At present, main processing frameworks of stream computing are as follows:

(1) STORM: a distributed real-time big data processing framework open sourced by Twitter. It involves stream processing in real sense, and has low-latency and high-throughput computing characteristics, but no state management function. Since each piece of data triggers computation, its computing performance is limited.

(2) SparkStreaming: SPARK is a HADOOP MapReduce-like general parallel framework open sourced by UC Berkeley AMP lab. It uses resilient distributed datasets (RDDs) as a fundamental data structure. SparkStreaming is a stream computing framework based on SparkRDD. It uses the idea of micro batches to split an unbounded data stream into bounded data in the time dimension by batch intervals, for transformation into computations of underlying RDDs, and has high-performance and high-throughput computing characteristics. However, as a computational model of SparkStreaming still relies on an offline computing framework, its real-time performance is not high in some scenarios.

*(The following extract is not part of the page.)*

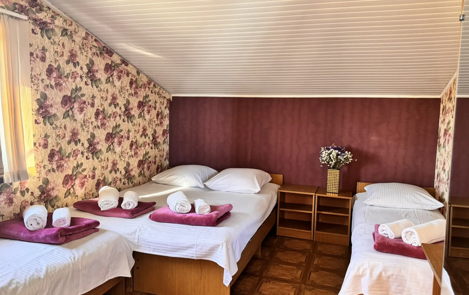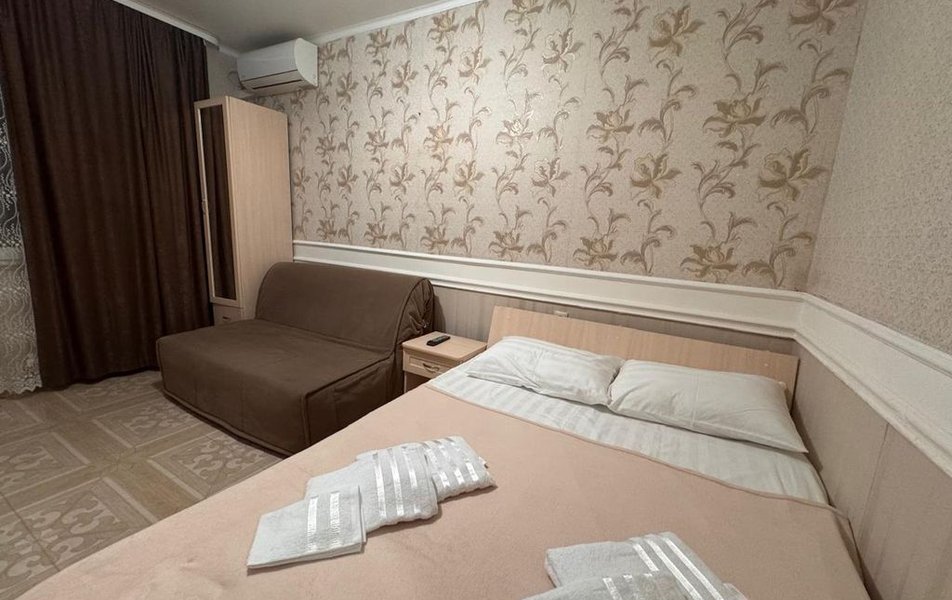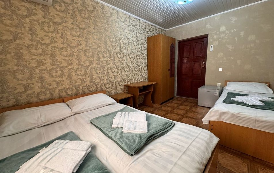 Трехэтажный корпус гостевого дома занимает закрытую озелененную территорию. Жилой фонд, рассчитанный на 50 отдыхающих, предлагает гостям номера Эконом с общим санузлом, а также номера Стандарт с собственной ванной комнатой и кондиционером.

(3) FLINK: FLINK is currently a popular distributed engine for stream computing, and can perform stateful computations over unbounded and bounded data streams. In the technical concept of FLINK, data is naturally considered as an unbounded stream, but bounded stream computations can be performed by adding windows. FUNK not only has some computing characteristics of SPARK and STORM, but also supports event time to control window time, supports data fault-tolerant processing under out-of-order time, guarantees the exactly-once semantics in computations, and has high-performance, high-throughput and low-latency characteristics. Although the computing framework of FLINK is very popular, however, in the developing process by means of a FLINK Application Programming Interface (API), problem abstraction needs to be carried out, and a computational logic of each step needs to be transformed into a computational logic of an underlying operator of FLINK by means of an API, so the requirement on developers is high, and the code logic is very complicated, which can reduce development efficiency to some extent.

For example, in terms of stream computing, FLINK regards batch computing as a special case of stream computing, and has a fault tolerance and fault correction mechanism for delays in it, and thus is more suitable for real-time computing scenarios with a large data volume and complex scene distribution.

An exemplary method of the present disclosure will be described below in conjunction with FIG. 1.

In step S11, DAG job stream description information is generated according to a DAG node graph. For convenience and distinction, the DAG node graph here may be referred to as a first DAG node graph, and the DAG job stream description information generated for the first DAG node graph is referred to as first DAG job stream description information. For the convenience of description, the term “first type set” is used to include types to which nodes in the first DAG node graph can belong.

Next, in step S12, the first DAG job stream description information is converted into second DAG job stream description information by converting the DAG nodes belonging to the first type set into DAG nodes belonging to a second type set suitable for a FLINK engine. The second DAG job stream description information is DAG information suitable for execution by FLINK, and therefore the DAG nodes belonging to the second type set are node types suitable for FLINK.

In step S13, the second DAG job stream description information is encapsulated into a DAG execution package, the DAG execution package including the second DAG job stream description information and an arithmetic logic of nodes associated with the second DAG job stream description information. For example, the second job stream information suitable for FLINK generated in step S12 can be further processed to generate a program package for submission and running. The process of generating a program package for submission and running can be implemented by encapsulating the second DAG job stream description information into a DAG execution package.

In S14, the program package is submitted to a job running cluster. Stream computing can be executed in the job running cluster.

By using the above method steps, the processing efficiency of stream computing can be effectively improved.

Some variations of the exemplary method according to the present disclosure will be described below.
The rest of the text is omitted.